Khaled Al Khawaldeh (Abu Dhabi)
In an age of increasingly saturated information, where every person with a phone can effectively become a content creator, and AI threatens to flood our servers with ever more unverifiable material, can the traditional forms of information exchange hold up?
This was the question pondered by an esteemed panel of renowned experts at the Abu Dhabi Cultural Summit on Sunday in front of a crowd of enthusiastic creatives at the Manarat Al Saadiyat.
“It is a challenge to the mainstream media. We have two faults, first we are too boring, and second we are too negative,” Wolfgang Fengler, CEO of World Data Lab, told the panel.
Fengler was responding to a series of questions about the massive influx of new media on applications such as TikTok, and the impact that this could have on decaying the quality of information exchange.
In Fengler’s opinion, the issue is not the increasingly democratised nature of content creation, but the lack of innovation in established media. Having launched population.io as well as worldpoverty.io, two real time interactive sites that tell the story of the planet’s population growth and fight against poverty in real time, Fengler shared his insights into the power of using innovative techniques and big data to tell important stories.
“If you look at our world emissions clock, you will find there is a good story along with the bad, as 43 countries have declining emissions,” he said.
“We don’t need to repeat that there is a climate crisis; we know that we need to find a better way to tell the story.”
This was echoed by Nanjira Sambuli, a Technology and International Affairs Fellow at Carnegie Endowment for International Peace, who said that there is a need to curate a more diverse range of content and viewpoints, which are currently not being captured enough in mainstream media.
“We have a saying in Kenya, stories are just data with soul…We need to listen more to these voices,” she said.
Anthony Gaffen, CEO and Creative Director of the award-winning Atlantic Productions Group, had a more critical opinion of the rise of hyper short form content. As a highly successful documentary maker himself, he believed the short form content of today is decaying the art of storytelling.
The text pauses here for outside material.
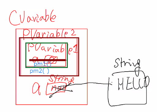 cv.cm(); // 자기 객체/method의 a변수, ChildVariable의 a=HELLO

“So much now is not about storytelling, it’s about sensationalism… people actually have a long attention span,” he said.
“Storytelling is a craft; we don’t want to lose it,” Gaffen added.
Reflecting on his time working with David Attenborough on nature documentaries, he said he did not believe that people truly craved instantly gratifying 30 second clips and believed long form content still garnered audiences when done correctly.
“Not everyone has the attention span of a newt,” he remarked.
Gaffen believes that immersive technologies would be the next frontier to bring back more engaging and detailed content. Agreeing with Fengler’s points about the need to innovate, he predicted that a flood of technologies in augmented and virtual realities would usher in a new age of storytelling.
“In the next two to three years, we are going to go through a rapid change, we will go from the smartphone generation to the immersive generation”’ he said.
“This opens the way to a very different type of storytelling.”